A principios de
noviembre, cuando en Barcelona se celebra el Día de Todos los Santos comiendo
castañas, boniatos y un dulce de mazapán llamado “panellets”, aquel mismo grupo
de amigos del verano se volvió a reunir y entre todos prepararon una fiesta simpática,
alegre, confiada.
Unos diez días más tarde, ella comenzó
a sentirse mal; tuvieron incluso que ingresarla. Parecía inconcebible, pero
cada día estaba peor y no había manera de contener aquel asalto de la
enfermedad. Se había detectado el mal, pero nadie sabía cómo pararlo. Cuando
corrió la voz entre los amigos, ya estaba tan sólo medio consciente . Murió 24
días después de aquella fiesta a la que ella había llevado sonriente unos
“panellets” hechos con sus propias manos.
El impacto, el desconcierto, el dolor
de la familia y de los amigos fue inmenso; no es difícil imaginarlo. Él había
acudido a la clínica cuando su estado ya no permitía ninguna conversación.

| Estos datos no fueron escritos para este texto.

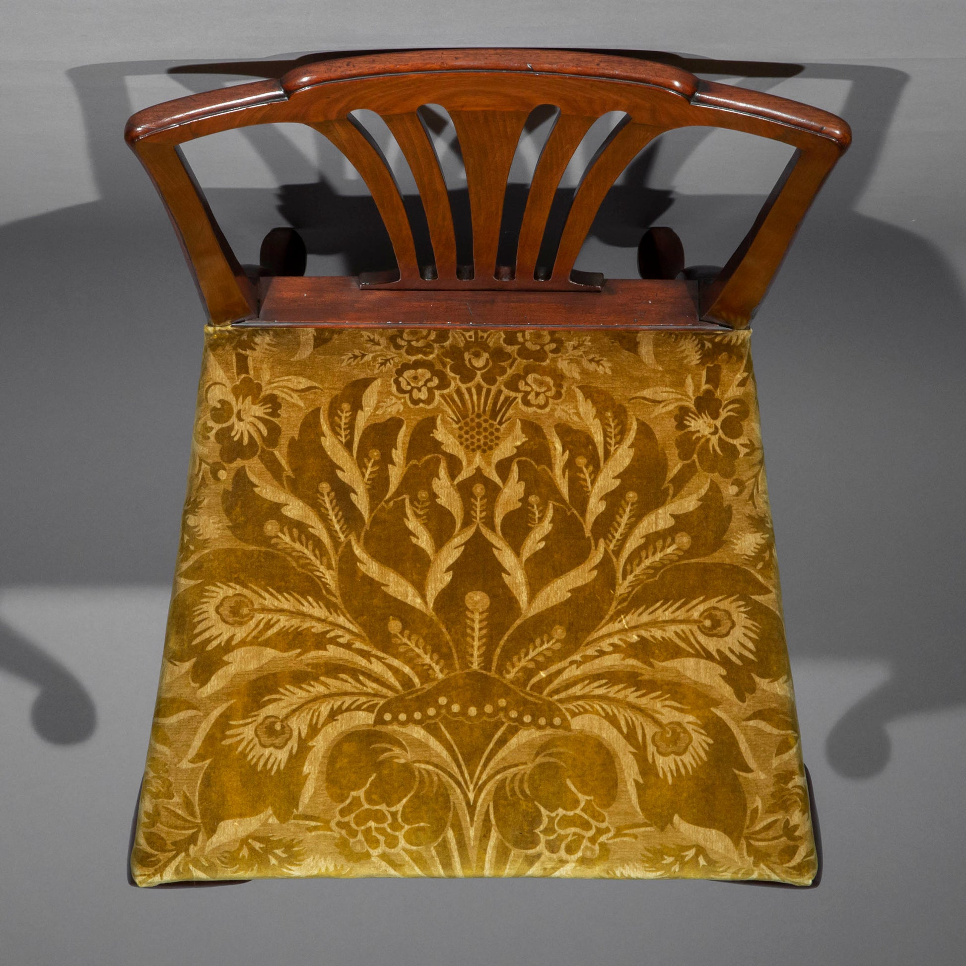 The present chairs can be attributed to the Clerkenwell Cabinet maker Giles Grendey (d.1780) whose label appears on a closely related set of twelve chairs formerly with Christopher Gibbs Ltd and illustrated in C.Gilbert, The Pictorial Dictionary of Marked London Furniture 1700-1840, Leeds 1996, p.242, fig.435.
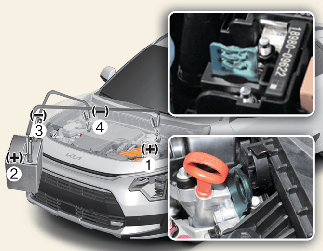 S'il est connecté à l'autre véhicule, démarrez d'abord le véhicule avec la batterie d'appoint et laissez-le tourner à 2000 tr/min pendant plusieurs minutes.

Pero
la noche de su fallecimiento pudo, junto con un familiar, velarla durante unas
horas.
La gran pregunta sobre el más allá de
aquella amiga desaparecida se instaló en su vida. Una noche tuvo un sueño
vivísimo con ella. Estaba hermosa, serena. ¿Quién podía asegurar que el sueño fuera un mensaje? Lo cierto es que ella siempre estaba muy presente.
En verano él volvió a
Mallorca. Esta vez se instaló en casa de un amigo, pero no en la capital de la
isla, Palma, sino en un pueblecito bastante alejado. Resultaba inevitable
evocar la presencia de ella por aquellos lugares. Allí habían estado sólo un
año antes. El amigo que le acogió también lo era de ella, así que el recuerdo
se avivaba entre los dos.
Llegó el último día de la semana de
vacaciones. Él tenía que tomar un avión por la tarde. El pueblecito distaba
unos 30 kilómetros de la capital y estaba mal comunicado. El amigo había tenido que
partir a primera hora de la mañana con su coche, pero le había asegurado que en
aquel paraje hacer auto-stop era fácil. Aunque él no lo veía claro, siguió el
consejo. Al poco de intentarlo, para su sorpresa, una furgoneta se detuvo. Iba
hasta Palma. Respiró aliviado y, por supuesto, le dijo al conductor que le
daba igual en qué parte de la ciudad le dejara. En cualquier sitio se espabilaría para llegar a la estación de
autobuses que le trasladarían al aeropuerto.
Fue un viaje simpático, el hombre era
cordial, pero no podía desviarse ni una manzana de su recorrido habitual por la
ciudad. Estaba trabajando y con cierta prisa; le llevaría adonde iba a descargar, que era una zona bastante céntrica. Él se perdió un poco
cuando el vehículo comenzó a serpentear por una calle y por otra y por otra.
Daba igual, la conexión con el aeropuerto estaba asegurada. Finalmente se
detuvo. En aquel lugar ya se orientaría, le dijo el conductor. Aunque él no
sabía muy bien dónde estaba, le dijo que seguro que sí, y que gracias, muchas gracias.
Cuando
se quedó en la acera con su bolsa y se giró, no se lo podía creer. De todos los
metros cuadrados de aquella ciudad, la furgoneta le había dejado frente al que
ocupaba precisamente aquella mesa de café en que ella y él se instalaban las mañanas del verano anterior. Cómo no
quedarse desconcertado, y emocionado,pero con una emoción que no sabía definir.
¿De qué estaba hecho aquel suceso? No
podía llamarlo fantasía, ni menos sueño. Pero tampoco iba a llamarlo
casualidad.
Sin una palabra exacta, pero con una
sonrisa interna que antes no había conocido, siguió su vida.